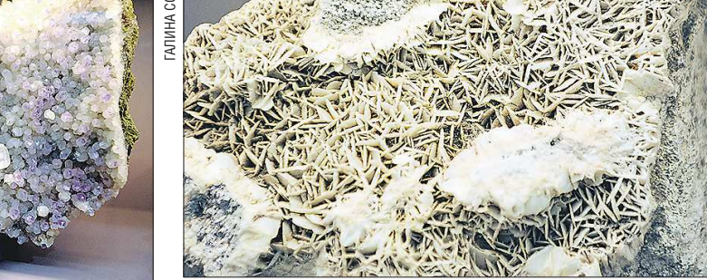
Камень аргонит назвали в честь испанской провинции Арагон. По легенде, это окаменевшие слёзы девушки, разлучённой с возлюбленным
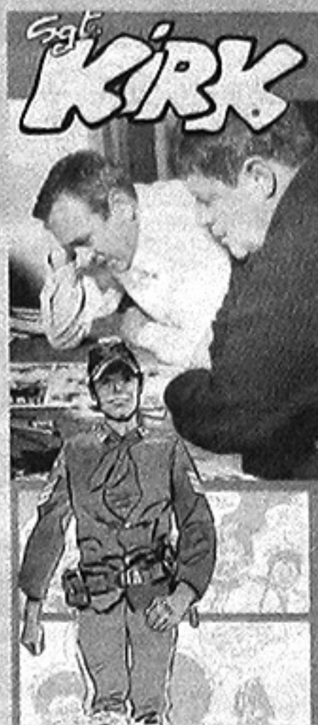
La locandina della mostra

Al Baratta dal 5 al 30 Il Sergente Kirk in mostra
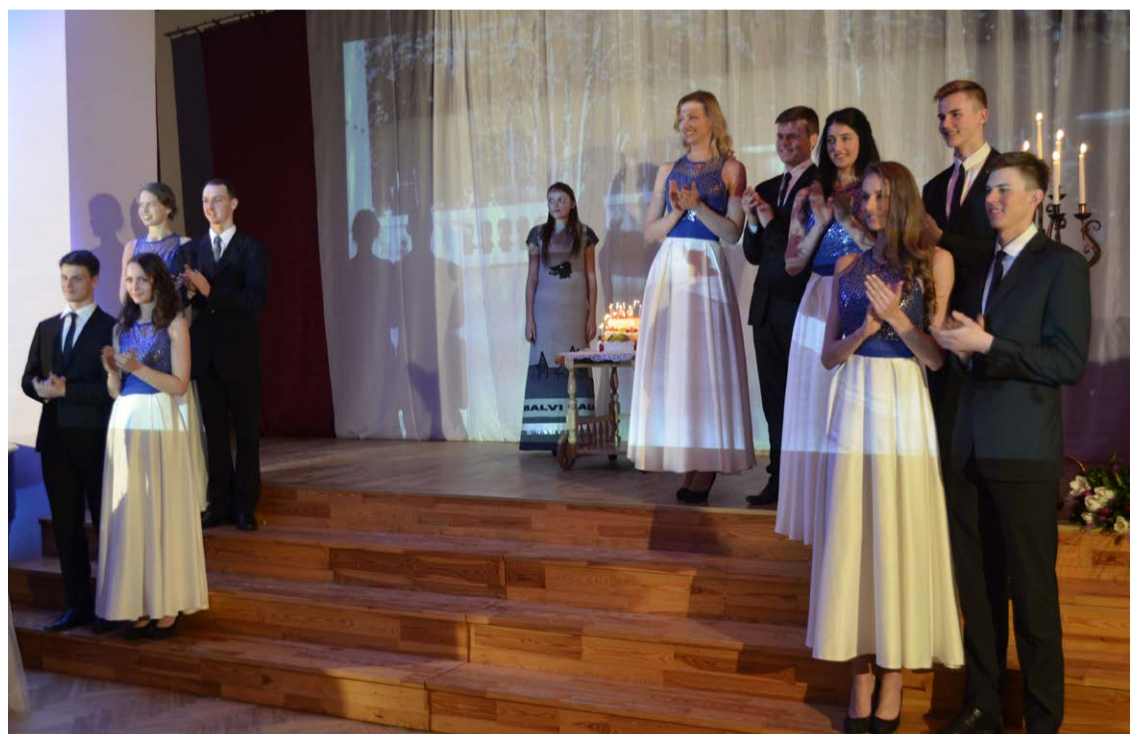
Svētku noslēgums. Pēc koncerta, kā jau dzimšanas dienās pienākas, muižas zālē svinīgi tika ieviesta svētku torte. Noslēgumā „Mīs un Mistērs Balvi” dalībnieki sniedza emocionālu priekšnesumu valša ritmos.
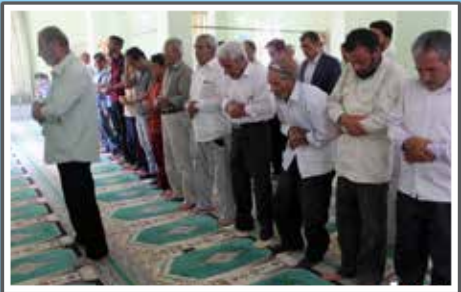
«فرماندار در روستای آغمه»
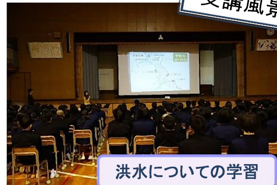
洪水についての学習
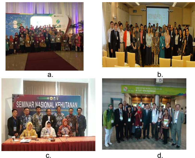
Gambar 2. Seminar Nasional dan Internatinal: a. di Yogyakarta, b. Itali, c. Mataram, d. Korea Selatan

Seperti halnya dengan pelatihan yang dilakukan di luar negeri, kegiatan seminar yang diikuti juga dapat menambah wawasan dan jaringan kita dengan berbagai lembaga dan dosen-dosen yang berasal dari berbagai negara. Salah satu kegiatan dalam penelitian yang sangat penting adalah publikasi. Dengan publikasi, maka dapat membantu peningkatan pemeringkatan PT sekaligus berguna untuk pribadi dosen itu sendiri [7-9]. Banyak dosen yang memperoleh hibah penelitian, namun tidak semuanya dapat memenuhi luaran penelitian berupa publikasi di Jurnal International bereputasi. Oleh sebab itu, perlu adanya program peningkatan kualitas penulisan jurnal bereputasi seperti yang ditawarkan oleh DIKTI melalui program World Class Professor (WCP), dengan salah satu kegiatannya adalah publikasi bersama, dimana dosen
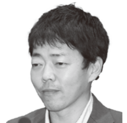
藤本 健太 議員

+++++

What this task involves: Task for the records above: copy every line in which the word "mostra" occurs.

Worked solution:
La locandina della mostra
Al Baratta dal 5 al 30 Il Sergente Kirk in mostra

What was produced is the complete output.